Pourtant, bien qu'il parle un français impeccable, ses racines culturelles sont plus anglo-saxonnes. «Je prendrais les textes de Bob Dylan, de Leonard Cohen, d'Ani DiFranco et je mélangerais ça avec les musiques de U2, de Coldplay et de Bjork», lance-t-il. Il compte d'ailleurs plusieurs chansons en anglais, un répertoire qu'il mettra évidemment de côté demain, FrancoFolies obligent.

S'il a risqué le jeu en français, c'est par défi et parce qu'il existe plus d'infrastructures musicales (concours et autres tremplins) ouvrant la voie de l'émergence. Il puise donc aussi son inspiration dans le répertoire «pure laine». «Richard Desjardins pour son écriture, Daniel Bélanger pour ses mélodies», tranche-t-il sans hésiter. Ce qui ne l'empêche pas de trouver ardu le passage d'une langue à l'autre. «En anglais, je ne peux pas utiliser les jeux de mots comme en français», souligne-t-il. Rien n'y paraît pourtant quand on écoute ses chansons, dont la langue est extrêmement soignée. Autre bonne raison, selon lui, pour laquelle sa démarche artistique mûrit plus lentement, mais sûrement.
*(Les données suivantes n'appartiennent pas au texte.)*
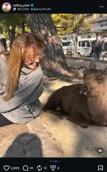 MAX・LINA「鹿と私」 厳島神社での鹿と2S!「すごい仲良し」「鹿も美しさにうっとり!?」の声

L'importance accordée aux textes vient aussi de sa formation universitaire en histoire du XXe siècle et, en amont, de ses annales personnelles, de la dualité particulière de ses filiations. Avec une famille qui plonge autant ses racines dans l'histoire nazie que dans celle du débarquement en Normandie, il porte un double regard sur la vie qu'il aime bien transposer en chanson. «Voir les deux côtés de la médaille, c'est ce que j'aime de l'histoire, toujours plus compliquée qu'elle en a l'air», note-t-il.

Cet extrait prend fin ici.